BEGIN Data shown
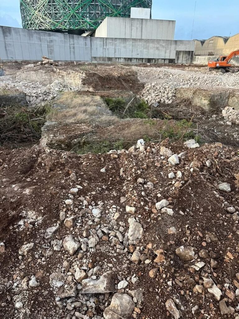 Mario Mendicuti compartió fotos de lo que parece ser un basamento maya que se descubrió tras excavar en el predio donde estará la nueva tienda, a un costado de Costco, en los antiguos terrenos de Cordemex.
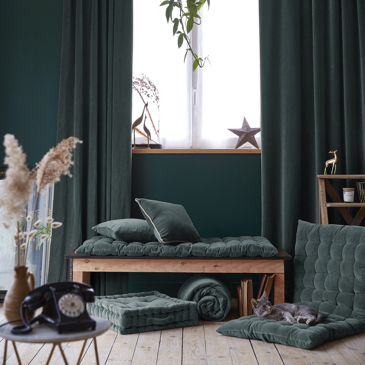 Matière : 100 % velours de coton pour la housse et 100 % polyester pour le garnissage.
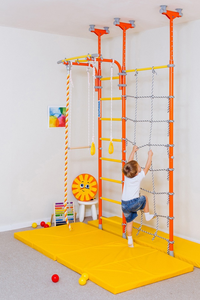 В комплекте есть широкий канатный лаз. Его можно отклонить в разные стороны, если это необходимо, согласно планировке комнаты. Улучшение получил шнур, он стал еще крепче.
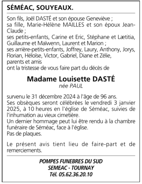 Cet espace « condoléances » est dédié à la mémoire de Madame Louisette DASTÉ née PAUL.
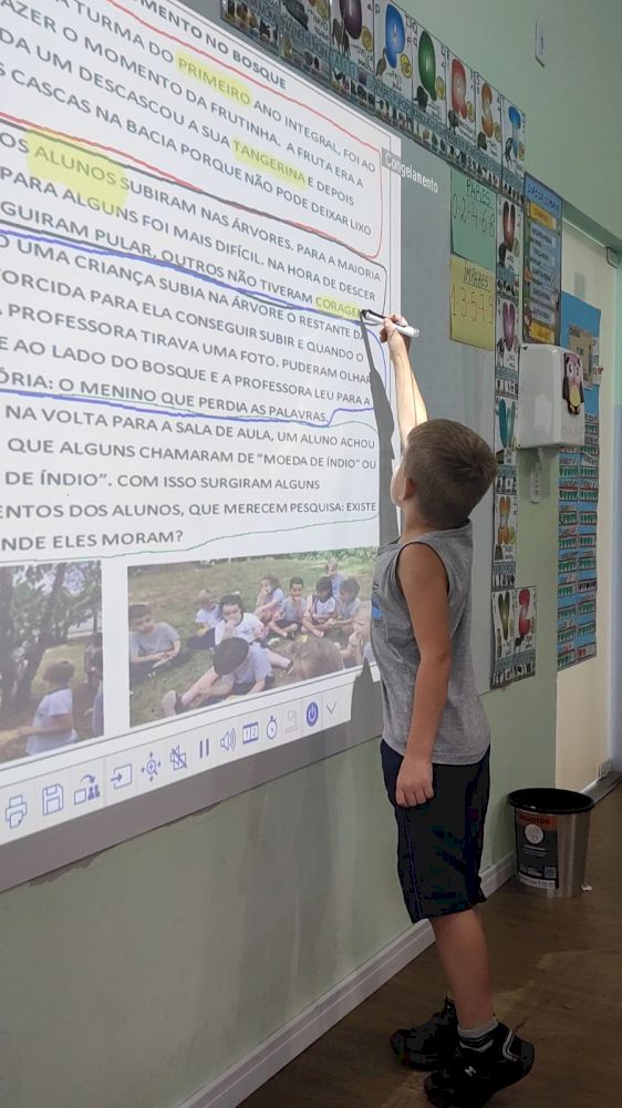 A professora também utilizou o momento para realizar uma leitura compartilhada, apresentando à turma a história "O Menino que Perdia as Palavras".
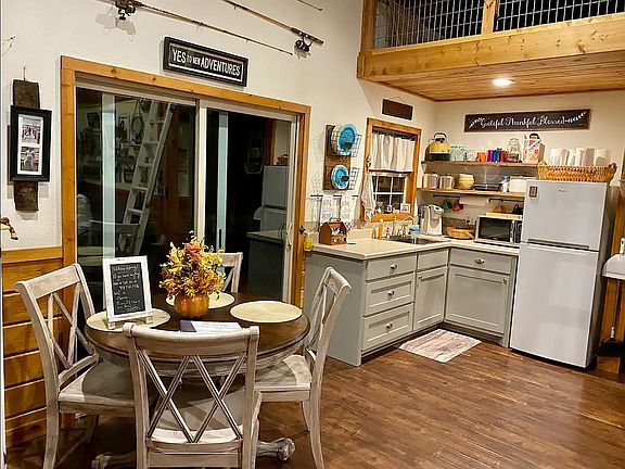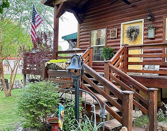 This 2 bedroom, 1 bath home sits inside a small private gated RV park, steps from the Illinois River, in rural Adair County, Oklahoma. The home includes 2 additional RV sized lots with RV hookups making a total of 1/4 of an acre. There is a community pool and clubhouse. It is currently generating revenue as an Airbnb but is also used as a family vacation home. This cabin comes fully furnished, ready for Airbnb guests or full time living. This rustic cabin boasts vaulted ceilings making it feel more spacious. Bottom floor is approximately 500 sq ft that includes a private bedroom, 3/4 bath, open concept kitchen and dining areas. The 209 sq ft sleeping loft includes 2 custom built in cabinets for lots of storage. The large wrap around porch covers 3 sides of the cabin. A new tankless hot water heater and all new pex plumbing were installed approximately 1 year ago. Brand new electric range just installed. This property is approximately 100 yards to the beautiful Illinois River making easy access to kayaking, fishing or swimming in the local "swim hole". This cabin is mostly elevated and sits approximately 5 feet above ground level, protecting it from high water. This is turn key ready to use as an Airbnb or full time living.
END Data shown
● What is required: Transcribe all the lines above exactly; any image among them is skipped.

● Answer to this task:
 Mario Mendicuti compartió fotos de lo que parece ser un basamento maya que se descubrió tras excavar en el predio donde estará la nueva tienda, a un costado de Costco, en los antiguos terrenos de Cordemex.
 Matière : 100 % velours de coton pour la housse et 100 % polyester pour le garnissage.
 В комплекте есть широкий канатный лаз. Его можно отклонить в разные стороны, если это необходимо, согласно планировке комнаты. Улучшение получил шнур, он стал еще крепче.
 Cet espace « condoléances » est dédié à la mémoire de Madame Louisette DASTÉ née PAUL.
 A professora também utilizou o momento para realizar uma leitura compartilhada, apresentando à turma a história "O Menino que Perdia as Palavras".
 This 2 bedroom, 1 bath home sits inside a small private gated RV park, steps from the Illinois River, in rural Adair County, Oklahoma. The home includes 2 additional RV sized lots with RV hookups making a total of 1/4 of an acre. There is a community pool and clubhouse. It is currently generating revenue as an Airbnb but is also used as a family vacation home. This cabin comes fully furnished, ready for Airbnb guests or full time living. This rustic cabin boasts vaulted ceilings making it feel more spacious. Bottom floor is approximately 500 sq ft that includes a private bedroom, 3/4 bath, open concept kitchen and dining areas. The 209 sq ft sleeping loft includes 2 custom built in cabinets for lots of storage. The large wrap around porch covers 3 sides of the cabin. A new tankless hot water heater and all new pex plumbing were installed approximately 1 year ago. Brand new electric range just installed. This property is approximately 100 yards to the beautiful Illinois River making easy access to kayaking, fishing or swimming in the local "swim hole". This cabin is mostly elevated and sits approximately 5 feet above ground level, protecting it from high water. This is turn key ready to use as an Airbnb or full time living.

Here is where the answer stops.